The CEO showed up early in the morning, then went out. As usually happens in an office on Christmas Eve, most people made a pretense of trying to work, and the more conscientious actually put in an hour or two . But by 11AM, people were drifting between offices, leaning in door frames and chatting. Occasionally, they shifted positions so as not to be too obvious.

By 12:30, people were concluding that the CEO wasn’t coming back. In fact, he had left without a seasonal greeting to anyone – and no mention of whether people were expected to work the entire day.

Before long, people started to sneak out. By 2PM, the last of us decided that there was no point being martyrs, and exited together. I don’t think the CEO ever did learn what had happened.

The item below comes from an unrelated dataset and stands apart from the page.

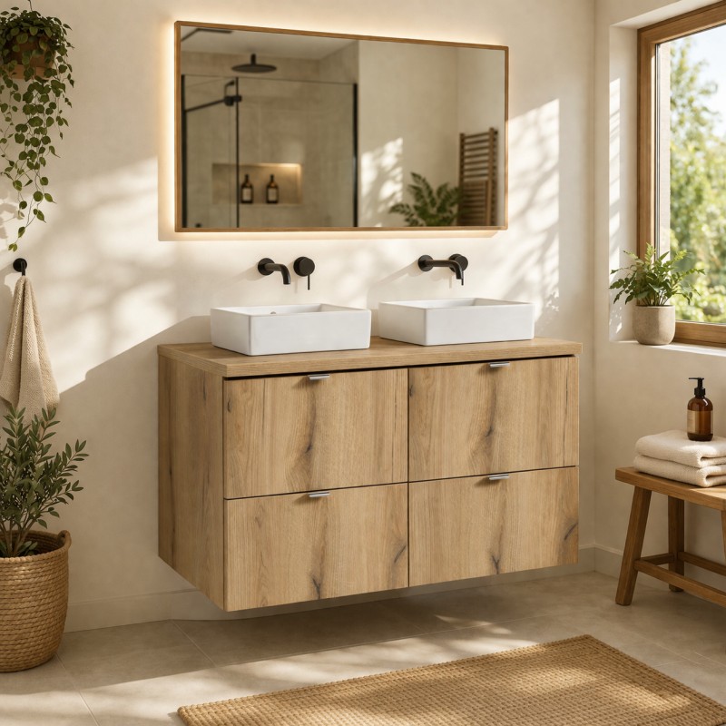 Le plan pour vasque associé aux deux vasques à poser en céramique blanche garantit un confort d’utilisation optimal, parfait pour un usage quotidien à deux.

Being a contractor, I noted that I owed two hours, and made up the time in the next week. But I kept thinking of the CEO’s abandonment of his responsibilities.

Perhaps he felt that he could not officially condone people going home early, and his disappearance allowed him to offer the holiday without officially knowing what people were doing. But, considering his purges, I doubted he had such a humanitarian gestures in him. I think he left early to please himself, and never considered the employees at all – and that his behavior was only an extreme form of what I had seen elsewhere in business.

Frankly, I was fed up.

I am not one for New Years’ Resolutions, but, that year, I promised myself that I would not celebrate another Christmas at that company. By next summer, I had moved on. But the company officers at my new consulting gig proved just as unempathic, so, with Christmas approaching again, I took the jump into journalism.

I have never worked in an office since. But this year, as I’ve spent a leisurely Christmas Eve going to the bank to pay for our latest work of art, then coming home to exercise and wrap the last few presents, I feel overwhelming relieved not to be in an office at Christmas. So far as I’m concerned, people like this CEO rank next to malls crowded with shoppers – both are things I’m grateful to be able to can avoid.

Read Full Post »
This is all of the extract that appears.